Стоя перед зеркальным стеклом, Бошер приказал себе не двигаться, замереть, как статуя. Этот маленький фокус он освоил давно, еще в те времена, когда взрывной характер толкал его на сумасбродства, когда хотелось действовать без оглядки на обстоятельства. Юношей Бошер легко поддавался порывам страстей. За необдуманные поступки его дважды исключали из школы и один раз – из колледжа. Избежать суда военного трибунала в армии удалось лишь благодаря удивительной незлобивости майора, которому он нанес чудовищное оскорбление.

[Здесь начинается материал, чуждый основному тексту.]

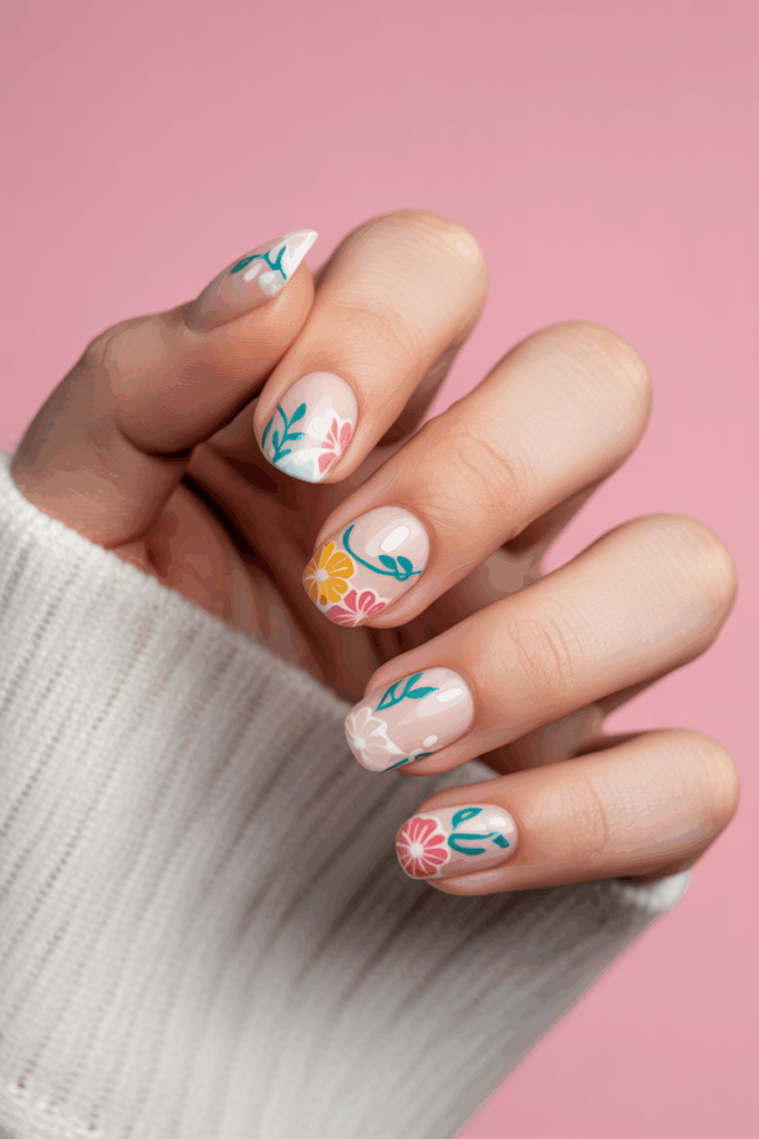 The flowers use fine lines and soft colors to keep the style minimal. It works well for those who like subtle nail art.

Бошер был отчаянным задирой, легко наживал врагов, в отношениях – как с мужчинами, так и с женщинами – доходил иногда до почти животной грубости. В конечном счете ему пришлось ломать себя, испытывая медленную, жестокую боль: разум подсказывал, что в противном случае ему грозит полное самоуничтожение. Говоря точнее, пришлось заново выстраивать поведение, поставить под жесткий контроль внешние проявления мыслей и чувств.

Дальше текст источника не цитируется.